Multiple vulnerabilities in Seiko Solutions SkyBridge MB-A100/A110/A200/A130 SkySpider MB-R210

Overview

SkyBridge MB-A100/A110/A200/A130 SkySpider MB-R210 provided by Seiko Solutions Inc. contain multiple vulnerabilities listed below.
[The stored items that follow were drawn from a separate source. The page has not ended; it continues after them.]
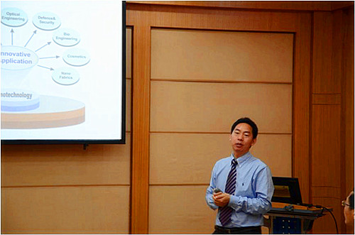 陈国防博士作了题为“Stimuli-Response Polymeric Fragmented Nanotubes for Controlled Drug Delivery in Cancer Treatment”的学术报告。报告中,陈国防主要介绍了新型聚合物纳米管材料在可控的靶向抗癌药物输送中的应用。他们在研究中发现通过加入适当比例的二甲基丙烯酸乙二醇酯(ethylene glycol dimethacrylate, EGDMA)交联剂,利用光引发的聚合反应促使甲基丙烯酸缩水甘油酯(glycidyl methacrylate, GMA)单体形成对温度和pH敏感且外表均一、具有一定机械强度的聚合物纳米管;并利用超声方法以及活化的靶向配体——叶酸对纳米管进行改造和修饰,制备聚合物纳米管主动靶向系统,研究了其生物体外抗癌药物的缓释行为。相关研究成果已经发表在Colloid and Polymer Science, Journal of Nanomaterials, Journal of Materials Chemistry等SCI专业期刊上。
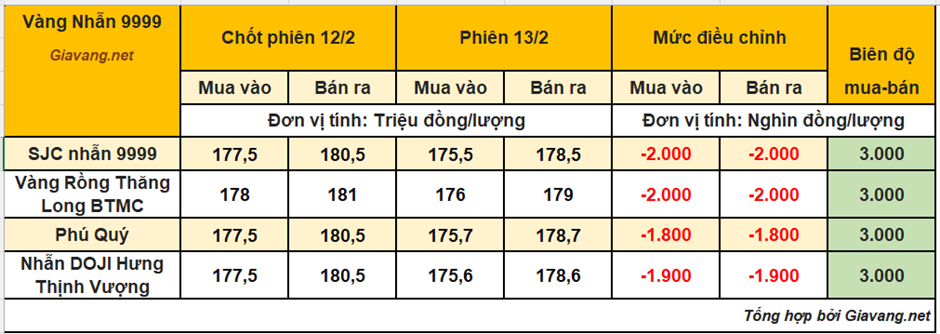 Trong khi đó, Nhẫn Phú Quý niêm yết giao dịch mua – bán ở mức 175,7 – 178,7 triệu đồng/lượng, giá mua và giá bán cùng giảm 1,8 triệu so với ngày 12/2.
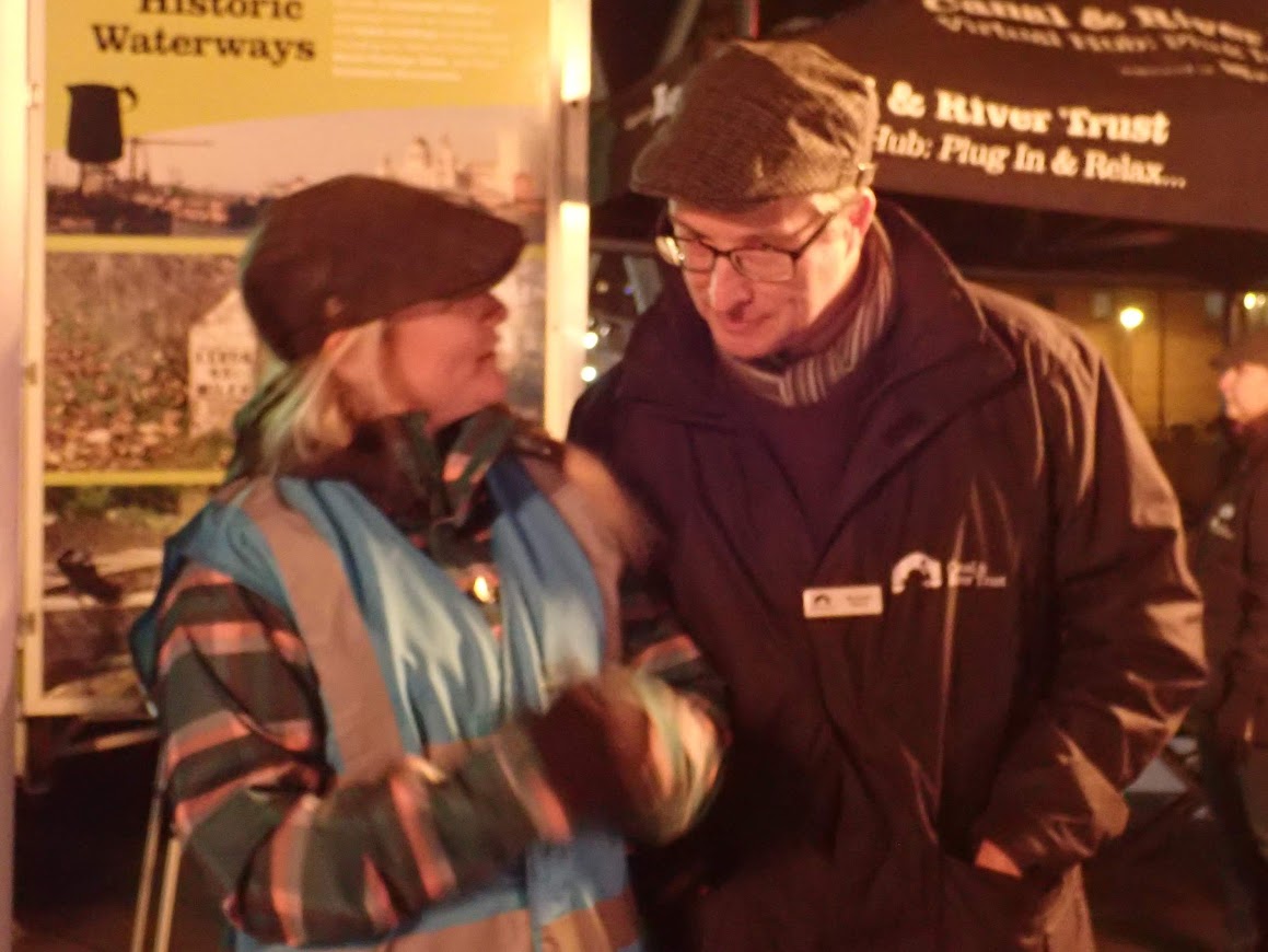 Unfortunately, the pumps had not worked correctly at the right time and there was too much mud. Never mind, the amphitheatre at the entrance to Leeds Dock made a very good substitute. To put us back to the time of the navvies, the audience were issued with a cap and two pieces of string. The string was to tie round our trousers just beneath the knee to keep out the rats! We were then treated to an audio visual experience telling the story of waterways concentrating on the local rivers and canals. The atmosphere was enhanced by large flares and the experience completed by cups of hot cider and cakes. Elaine Scott |
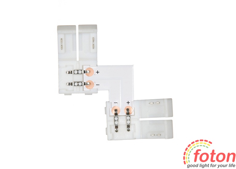 Такий кутовий конектор використовують для з'єднання світлодіодних стрічок SMD 5050. роз'єму по 2 контакти.
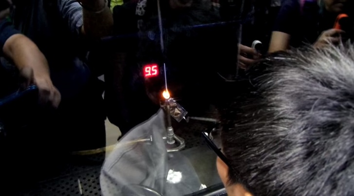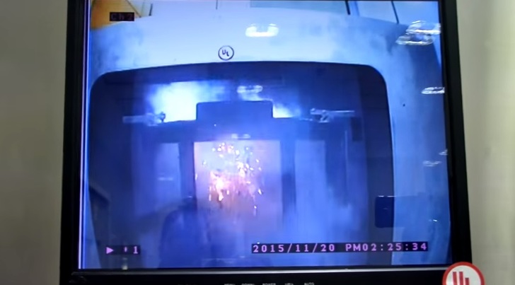 ▼我們看到的畫面是上一組測試後的錄影,畫面中看到是鋰電池起火爆炸的瞬間。
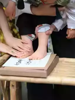 Rolling Away Misfortune Ceremony: Roll cooked eggs over "misfortune", say "May the baby always be smart and healthy"
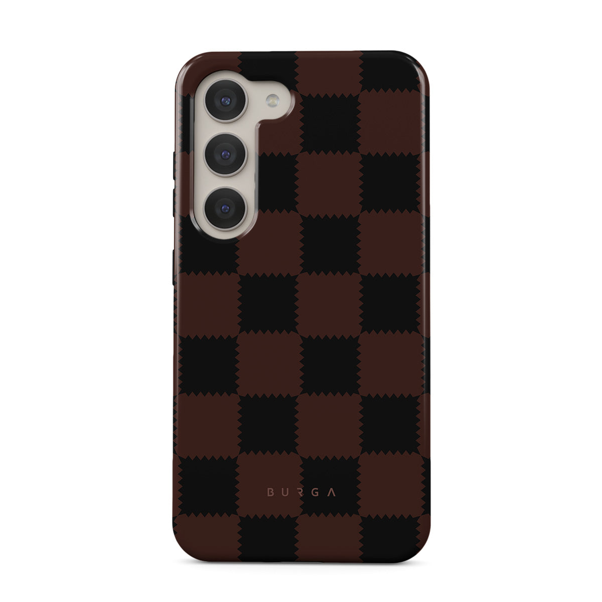 This design features: checkered pattern, brown and dark tones, geometric
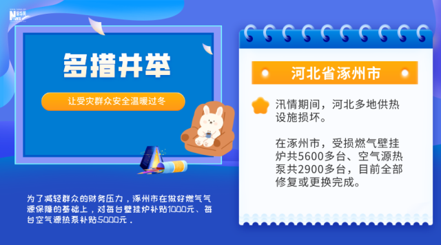 汛情期間,河北多地供熱設(shè)施損壞。在涿州市,受損燃氣壁掛爐共5600多臺、空氣源熱泵共2900多臺,目前全部修復(fù)或更換完成。為了減輕群眾的財務(wù)壓力,涿州市在做好燃氣氣源保障的基礎(chǔ)上,對每臺壁掛爐補貼1000元、每臺空氣源熱泵補貼5000元。在河北保定淶水縣,10個位于山區(qū)、丘陵的鄉(xiāng)鎮(zhèn)今冬要使用潔凈煤取暖,預(yù)計使用量在5.1萬噸左右。淶水縣督促相關(guān)企業(yè),早謀劃、早對接、早儲備,組織車輛加快配送,確保供得上、供得及時。
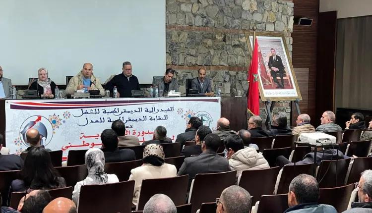أفريقيا برس – المغرب. احتضنت مدينة مراكش، السبت 3 يناير 2026، أشغال الدورة العادية للمجلس الوطني للنقابة الديمقراطية للعدل، بمشاركة أعضاء المجلس الوطني الممثلين لمختلف جهات المغرب، وذلك في إطار الدينامية التنظيمية التي تعرفها النقابة ومواكبتها المستمرة لمستجدات قطاع العدل.
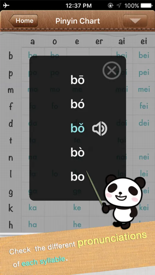 · You can hear the pronunciation by pressing the pinyin you want to hear.
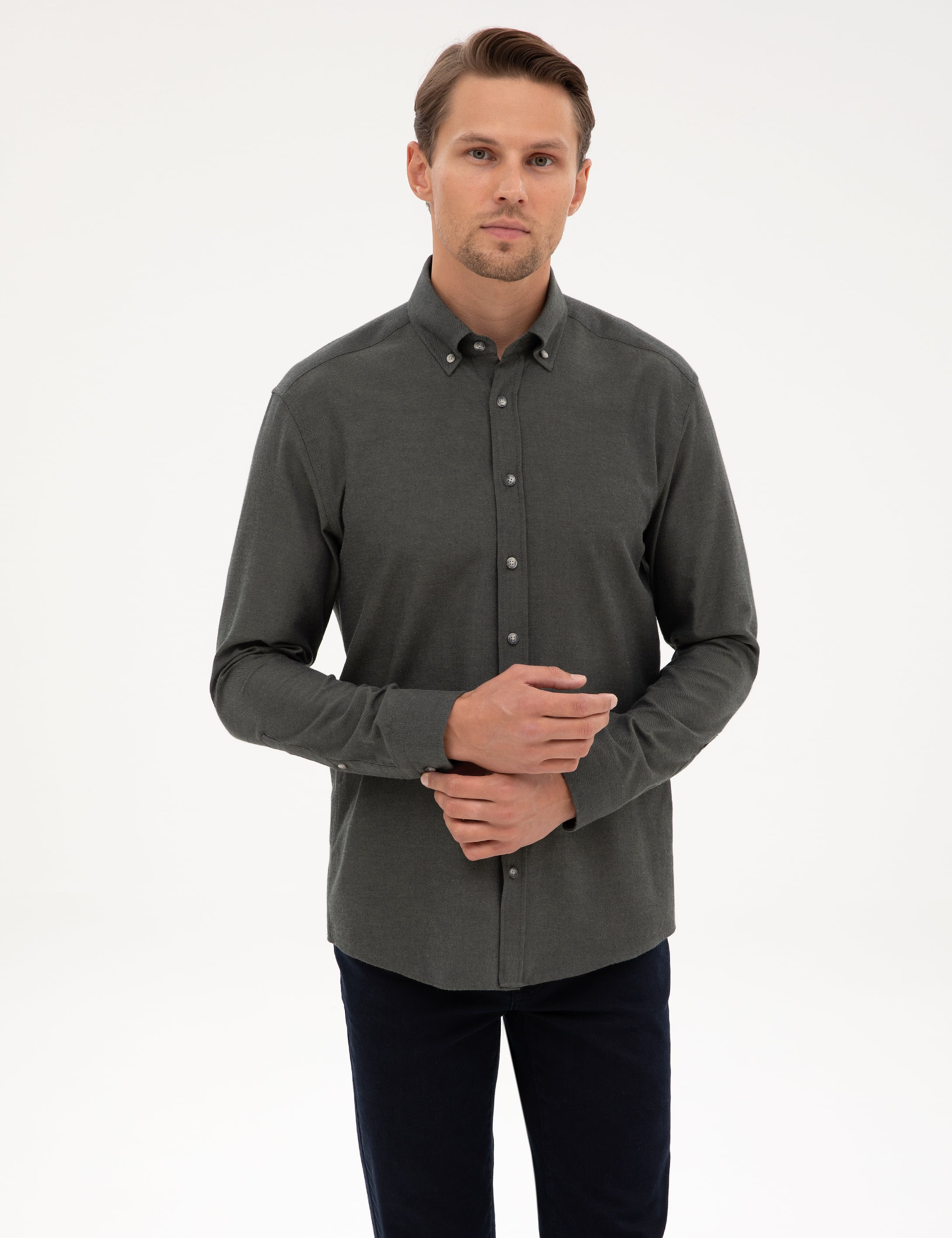 - Koyu Haki Regular Fit Uzun Kollu Gömlek
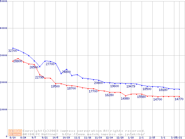 | [↑前グラフ]: | MKシリーズ (9.5mm,5400rpm,16MB,FDB,30GB/Platter)の最安値推移 |
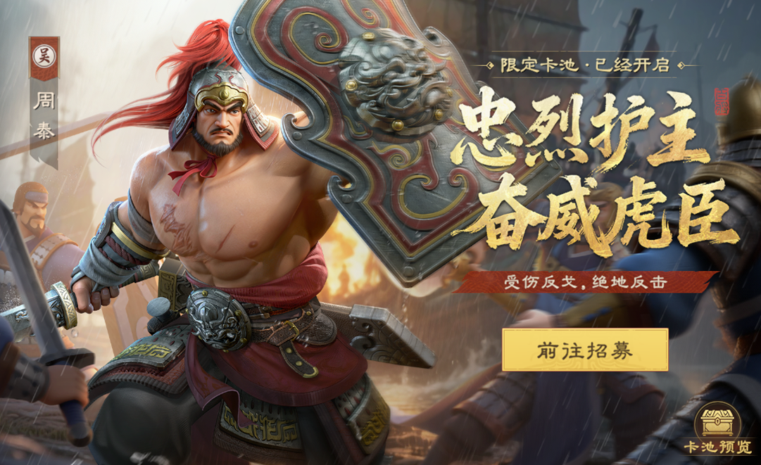 周泰限定卡池将在开服后立即开启,共持续3天。
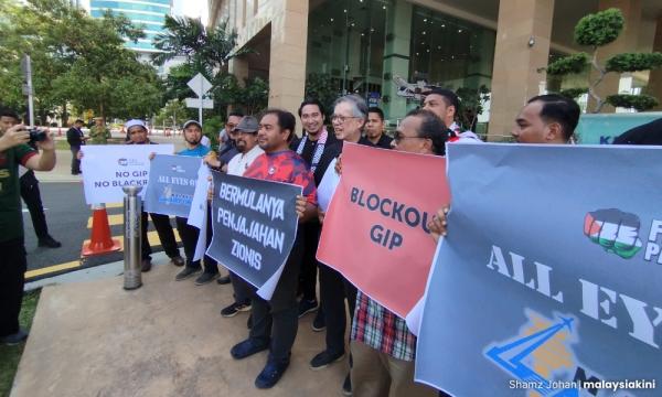 Sekumpulan aktivis anti-Israel termasuk ahli politik berdemonstrasi bagi membantah tawaran penjualan saham Malaysia Airport Berhad (MAHB) kepada konsortium yang dianggotai Global Infrastructure Partners (GIP).
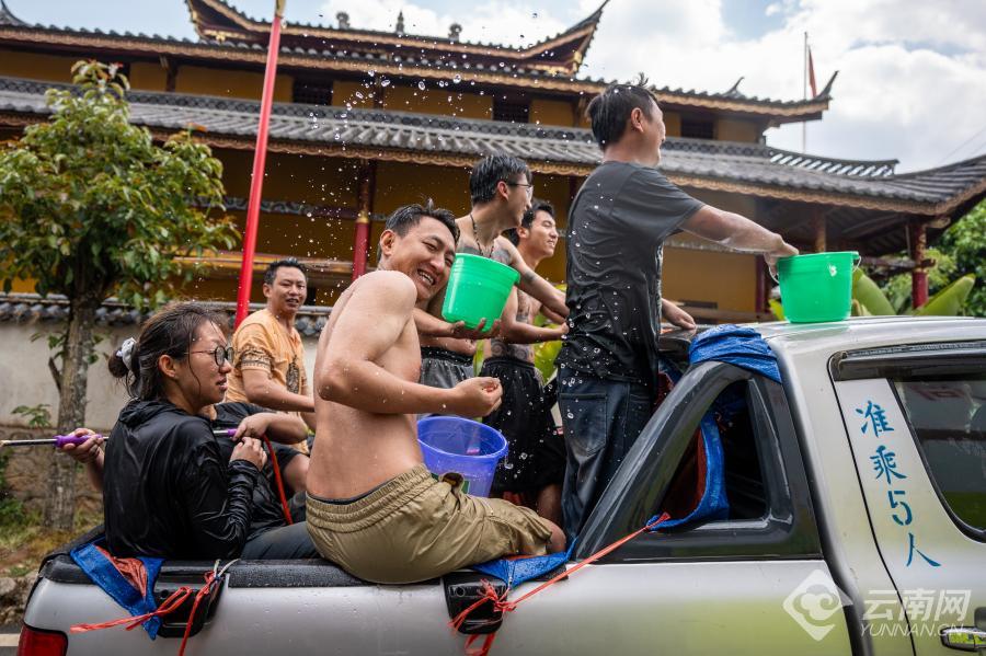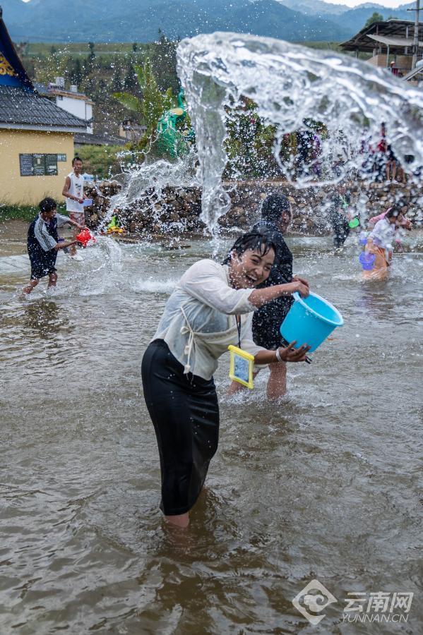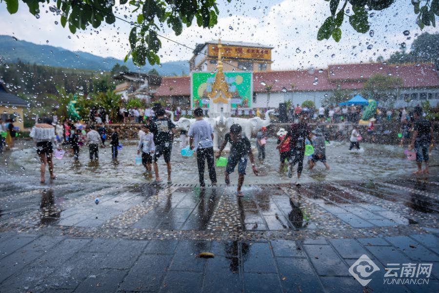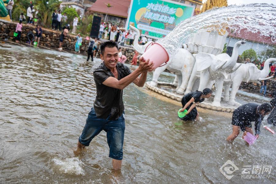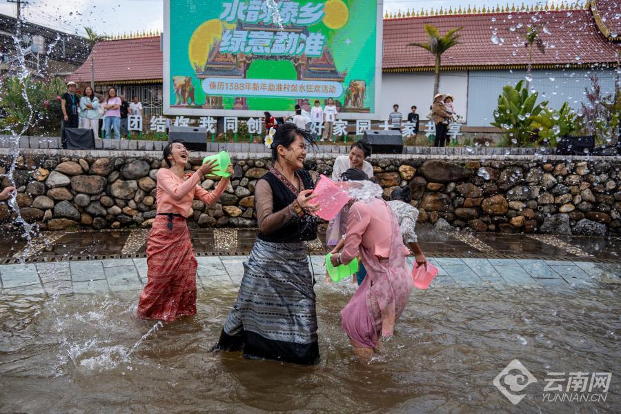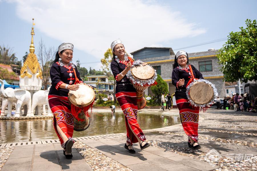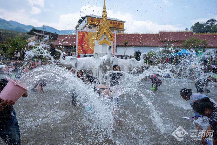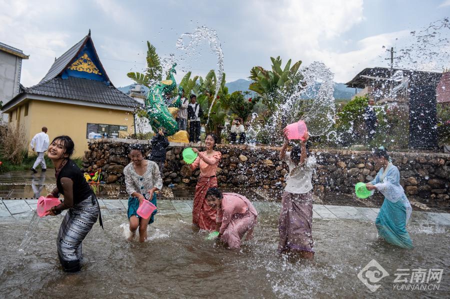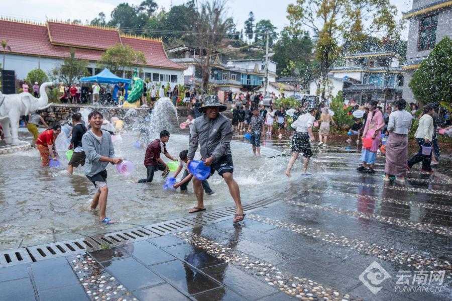 4月16日,临沧市临翔区博尚镇大勐准村热闹开启傣历新年泼水节狂欢活动,以清水送福、歌舞传情,尽显傣乡民俗魅力。
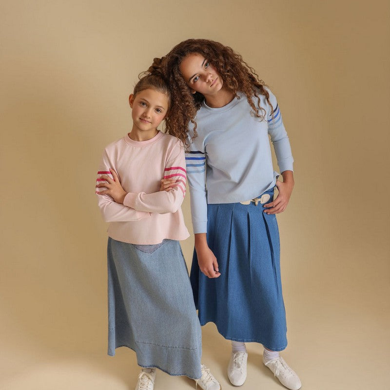 Vibe Mineral Wash Light Blue Panel Midi Skirt
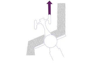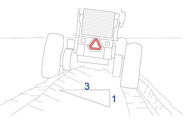 Este sería el modo correcto, en la cual las ruedas delanteras tiran del talón (extremo trasero) de la vertedera; las ruedas traseras empujan la parte más avanzada de la vertedera (puntera). De esta manera se pueden mover los cordones más pesados y ser depositados lateralmente a una mayor distancia de la máquina.

  • Exposure of sensitive information to an unauthorized actor (CWE-200) - CVE-2016-2183
  • Command injection (CWE-77) - CVE-2022-36556
  • Unrestricted upload of file with dangerous type (CWE-434) - CVE-2022-36557
  • Use of hard-coded credentials (CWE-798) - CVE-2022-36558
  • Command injection (CWE-77) - CVE-2022-36559
  • Use of hard-coded credentials (CWE-798) - CVE-2022-36560
  • Improper privilege management (CWE-269) - CVE-2023-22361
  • Missing authentication for critical function (CWE-306) - CVE-2023-22441
  • Improper access control (CWE-284) - CVE-2023-23578
  • Improper following of a certificate's chain of trust (CWE-296) - CVE-2023-23901
  • Missing authentication for critical function (CWE-306) - CVE-2023-23906
  • Cleartext storage of sensitive information (CWE-312) - CVE-2023-24586
  • Cleartext transmission of sensitive information (CWE-319) - CVE-2023-25070
  • Use of weak credentials (CWE-1391) - CVE-2023-25072
  • Use of weak credentials (CWE-1391) - CVE-2023-25184

The developer states that attacks exploiting CVE-2022-36556 have been observed.


CVE-2023-22441
MASAHIRO IIDA of LAC Co., Ltd. reported this vulnerability to IPA.
JPCERT/CC coordinated with the developer under Information Security Early Warning Partnership.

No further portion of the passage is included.